Ultimately, the CDC, the US Preventive Services Task Force, and I sit on the American Association for the Study of Liver Diseases (AASLD) and Infectious Disease Society of America (IDSA) Hepatitis C Guidance Panel, and all of these groups came together to really push the effort toward one-time screening for all individuals to enhance that gap in the hepatitis C care cascade from infection to diagnosis.
I think all of that has converged, and the hope now is that one-time screening will at least increase diagnosis. Of course, there are issues from the standpoint, still, for the fact that you can have patients who are diagnosed as hepatitis C antibody positive, but many of these patients may not necessarily return for confirmatory hepatitis C RNA testing. And that in itself is a challenge that at our hospital, the University of Pennsylvania, we have instituted reflective hepatitis C RNA testing for anybody who is antibody positive. That at least overcomes a limitation of requiring a patient to return after an antibody positive result is identified. It’s done automatically.
So I've tried to go over issues in awareness, both from the patient and provider side, the challenges in traditional risk-based, newer baby boomer birth cohort-based, and how hopefully this new approach of one-time screening will hopefully overcome this gap in hepatitis C diagnosis.
I'll tell you that there have been other interventions that have been instituted, such as electronic medical record alerts that our hospital is also involved in, particularly from the outpatient/inpatient setting to prompt health care providers to make sure you are screening for hepatitis C infection during an outpatient visit or during the hospitalization.
Amanda Balbi: HCV screening is recommended for all Baby Boomers, but recent data suggests that screening rates have been low since 2018. How can health care providers implement better screening protocols in their practice?

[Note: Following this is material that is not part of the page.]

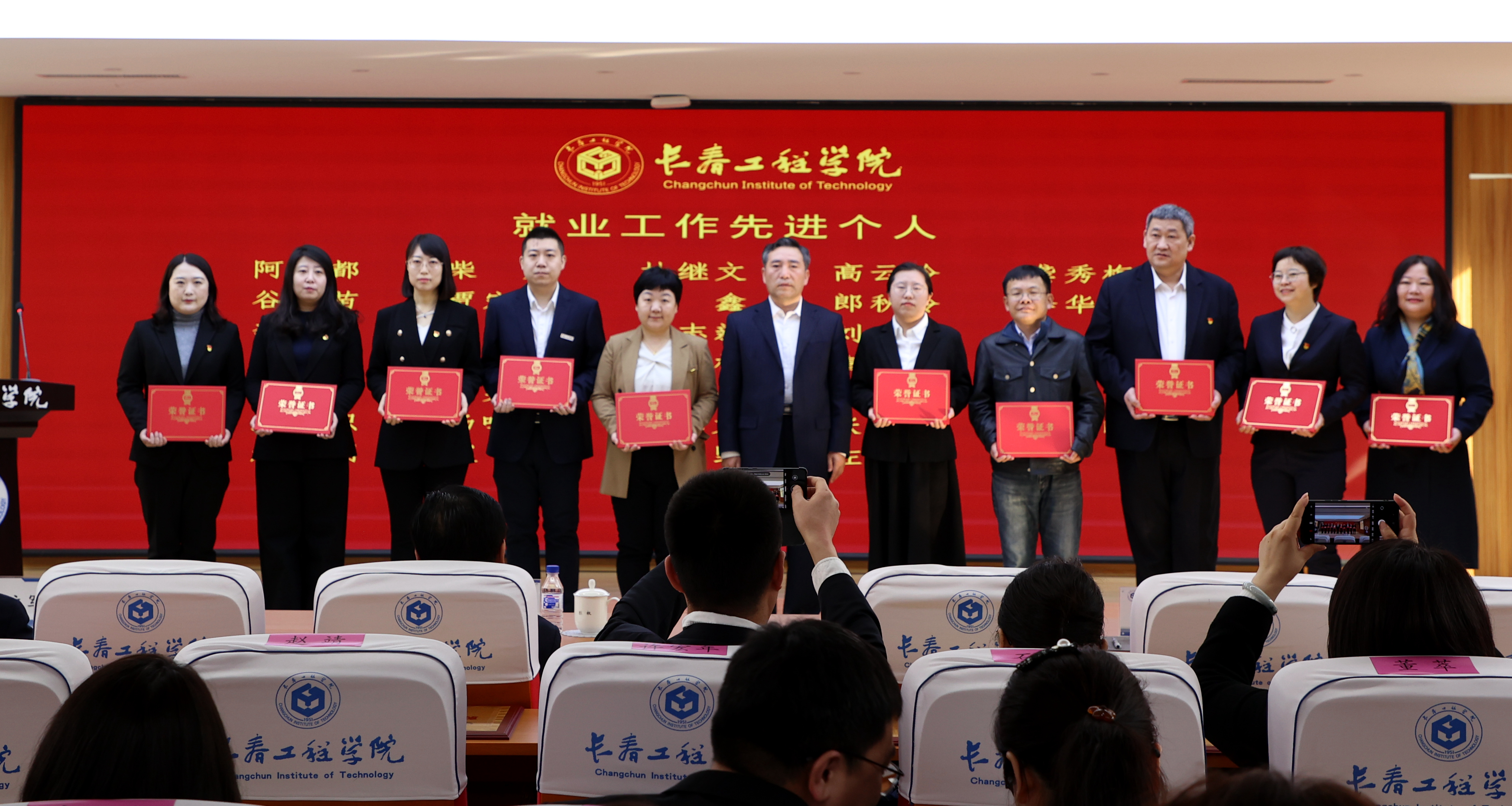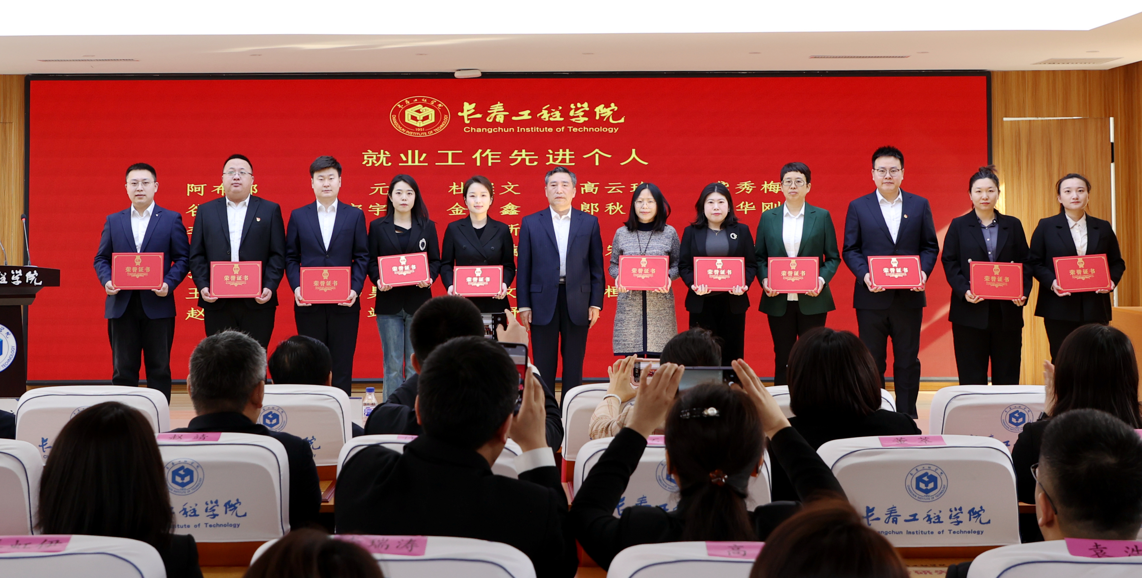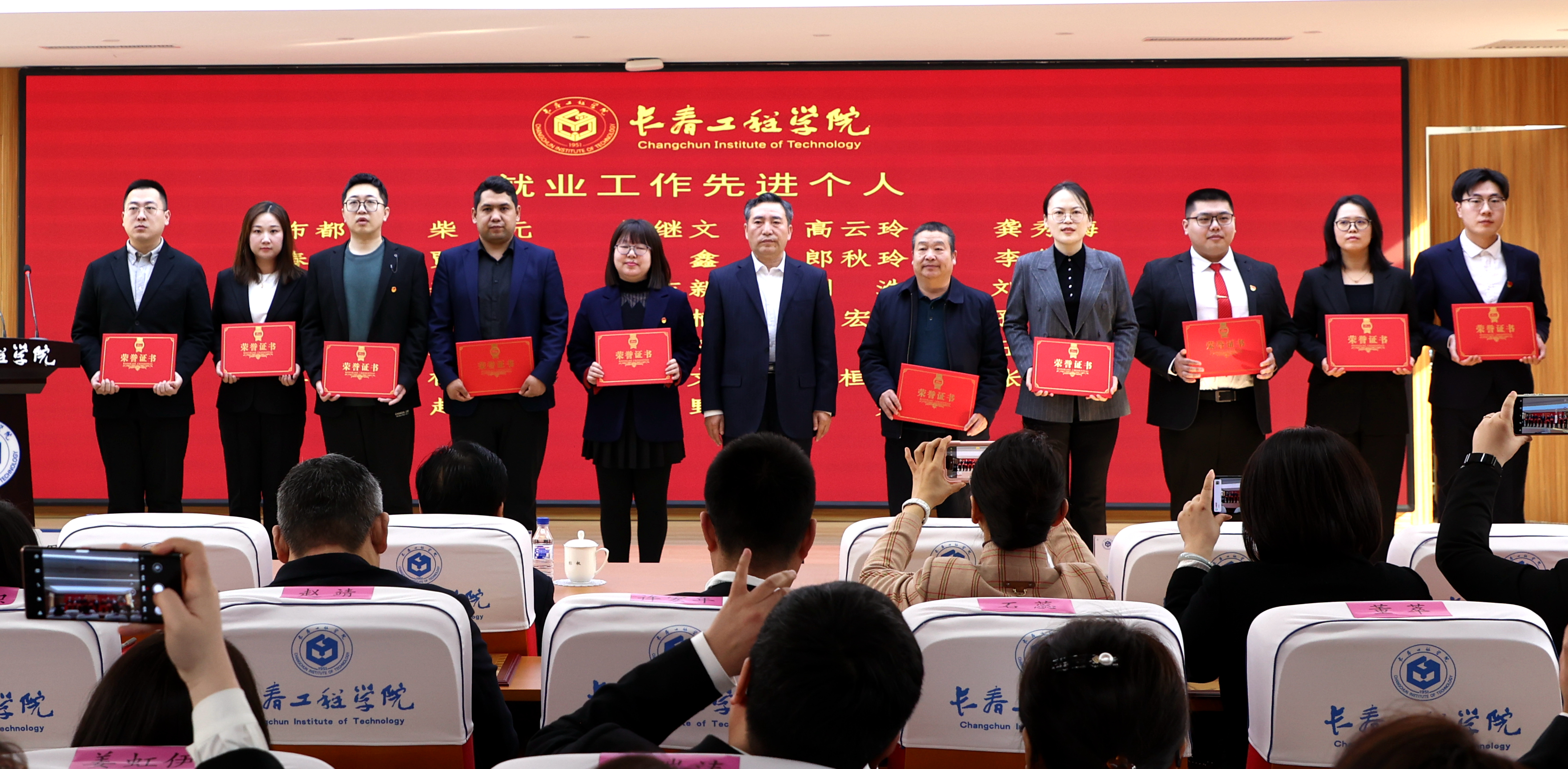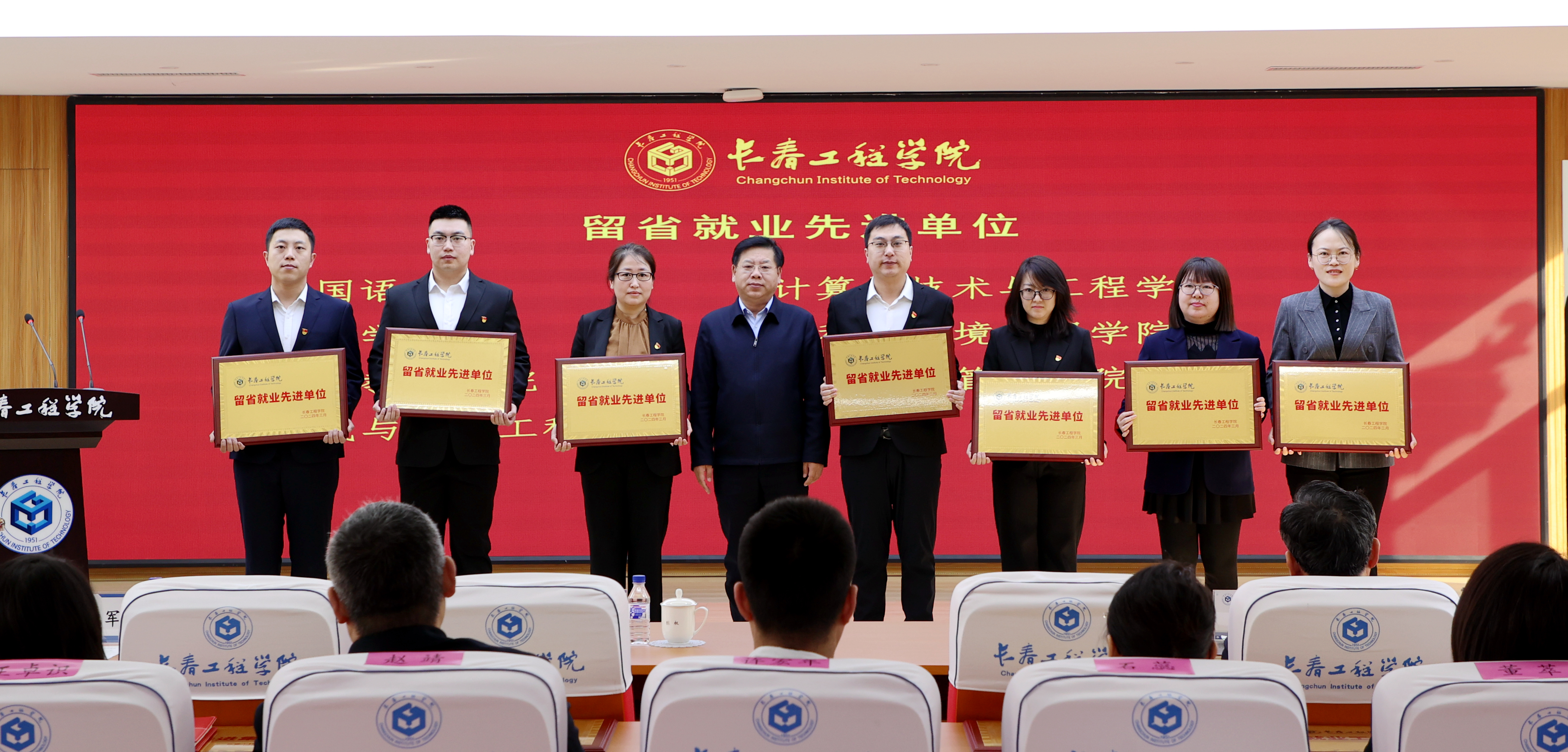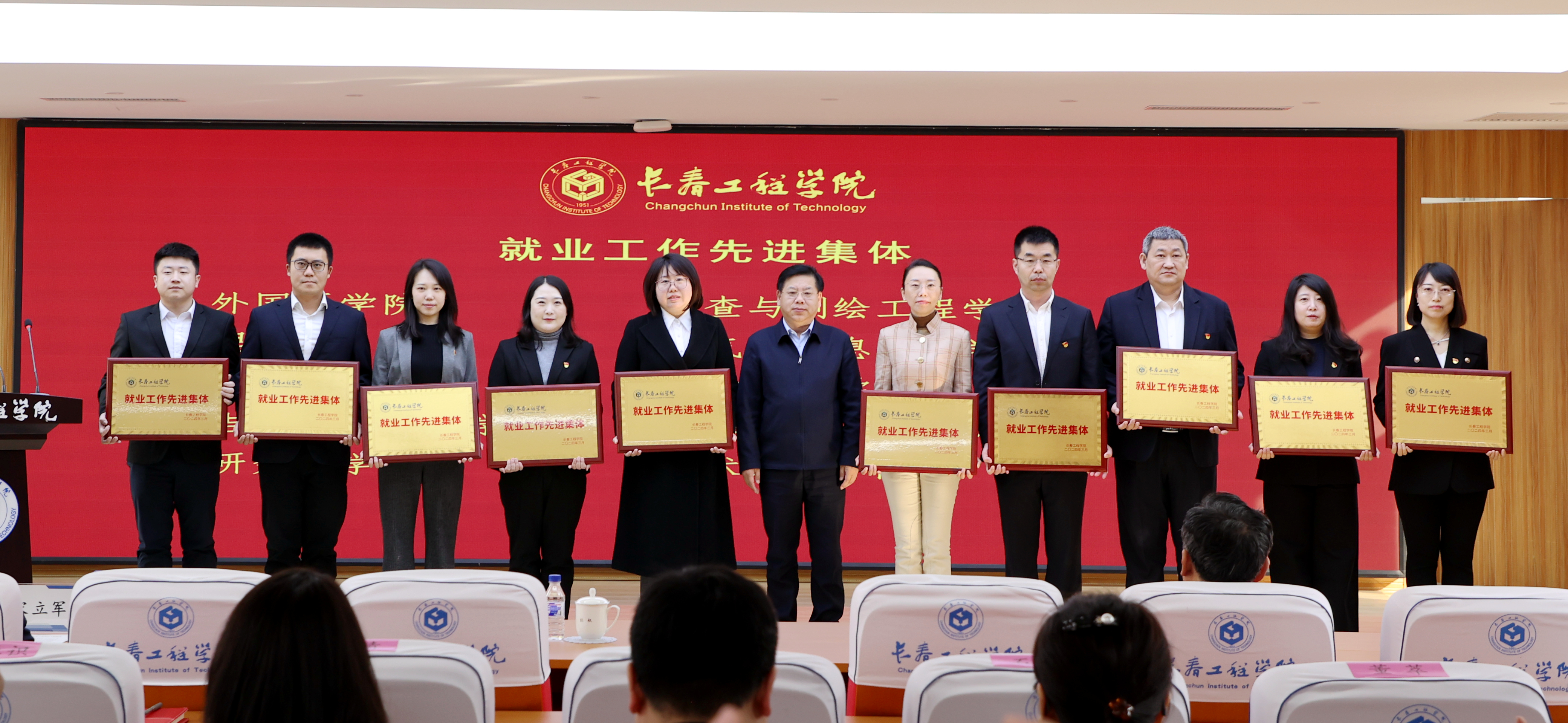 大会表彰了2023年我校就业创业工作先进集体及先进个人。勘查与测绘工程学院院长吴景华、电气与信息工程学院院长张运波、吉林应急管理学院院长张以晨、机电工程学院党委副书记王娜、国际教育学院辅导员刘浩代表先进集体和个人做了交流发言。

Vincent Lo Re: Recognizing that particularly primary care clinicians are often so overwhelmed already with more and more guidelines, having electronic alerts to prompt clinicians to order these tests are often really valuable. And I know some health systems have already incorporated this kind of approach to close that gap in diagnostic testing for hepatitis C by having this sort of protocol-based approach.
I think another alternative approach is setting up really solid systems for diagnosis and linkage into care. At our hospital, we have a hepatitis C diagnosis and linking linkage team, where each week as patients are coming into the hospital. They are being screened for hepatitis C. We have a specific hepatitis C health care provider and a nurse who will facilitate linkage of those individuals in our infectious disease practice to facilitate the review of these patients, modifying their risk factors, and getting them treated with new direct-acting antivirals.
Those kinds of approaches where you have either alerts in the electronic medical records or protocols for hospitalized patients to be tested and then linked into care will help to augment these screening protocols and get patients linked into hepatitis C care.
Amanda Balbi: Thank you so much for speaking with me today and answering all my questions.
Vincent Lo Re: Well, it was my pleasure. And I hope that some of the information that was gleaned in this conversation will help other health care providers to treat more patients with hepatitis C and get them through the hepatitis C care continuum, so that we can reduce the overall prevalence of hepatitis C and reduce the likelihood of end-stage liver disease and other liver complications.